Imagen: Pixabay
Retrato R
ecuerdo verlo entrar por el patio central, desaliñado, rústico con aquellos jeans vaqueros;
me daba terror que me descubriera mirándolo. Sentí como mis manos dibujaban sus finos rizos y como el color negro hacia contraste para darle un sombreado más varonil. De repente se acercó a mi lado, sin titubear. —¿Qué onda, Luisillo, haciendo las mamonadas con tu cuadernito? —dijo él, tumbando el cuaderno y los colores, marchándose mientras ríe—. Que pendejo. Madura, wey. ¿Como puede ser tan bestia? Me sentí la oveja de un gran rebaño.

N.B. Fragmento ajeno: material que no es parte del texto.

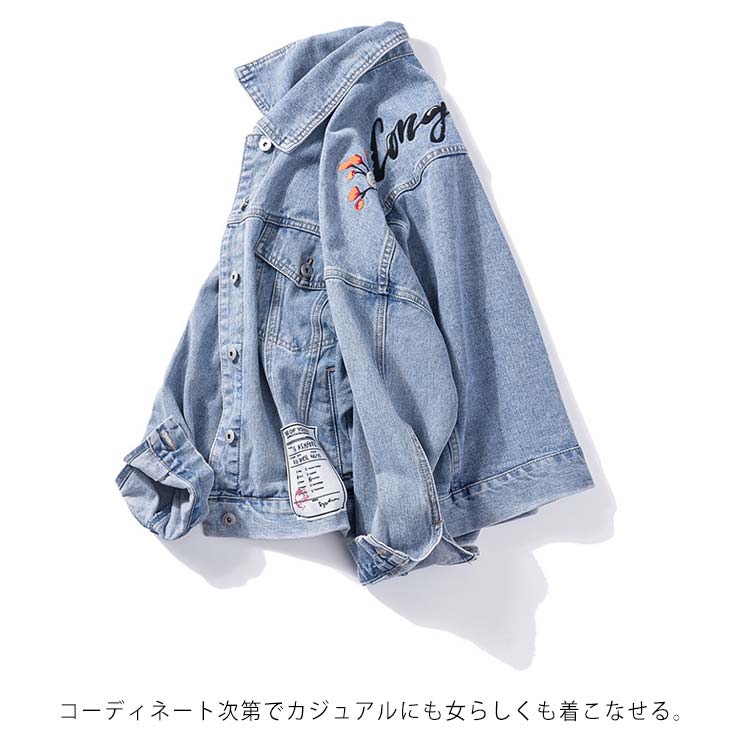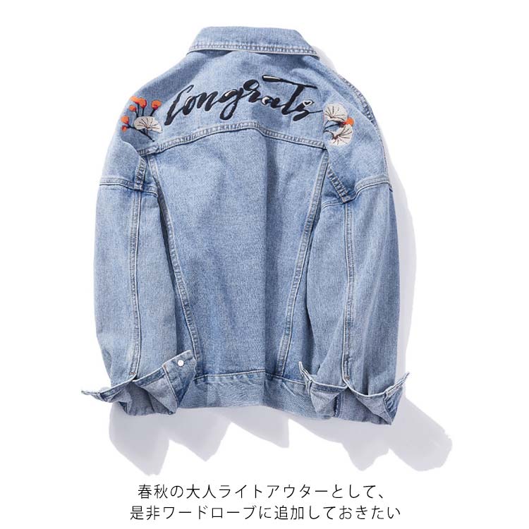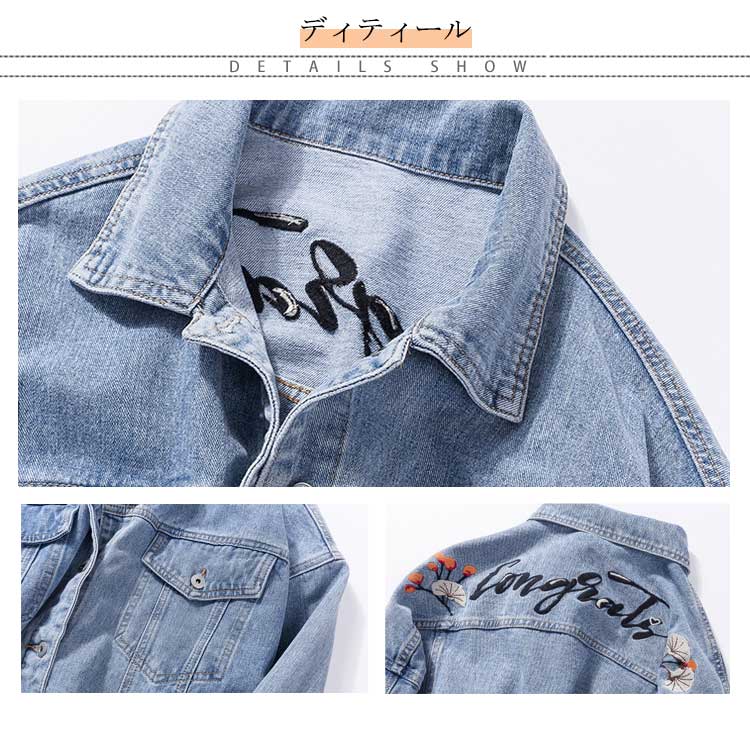 XL-5XLサイズ!バック刺繍入り デニム アウター Gジャン デニムジャケット レディース ジージャン 春ジャケット 大きサイズ 長袖 ベーシック コート 春 秋 刺繍 トレンド

Gracias a Dios no se dio cuenta que hacía un dibujo de su perfil entrando al cole. Me daba vergüenza que me miraran y me hicieran estas cosas diariamente, me agotaban mentalmente. Pero no paraba de pensar en cómo entregarle el dibujo. Su carácter, sus 80 kg de rabia con un 1.78 de alto, me daban escalofríos. Agarré valentía. —Toma, Jerry, para ti. Espero que no te ofendas —me acerqué un día y le dije. Al entregársela él quedó callado y silencioso, me agradeció y luego escondió el papel. Sentí tanta felicidad, emanaba de él un aura súper rebelde que me hacía estallar por tanta simpatía. Yo era muy callado y tímido, me enamoraba el silencio, como sonaban las diferentes pisadas y como el matiz de mis dibujos le daban toque a cada estructura o textura de lo pálido de su piel.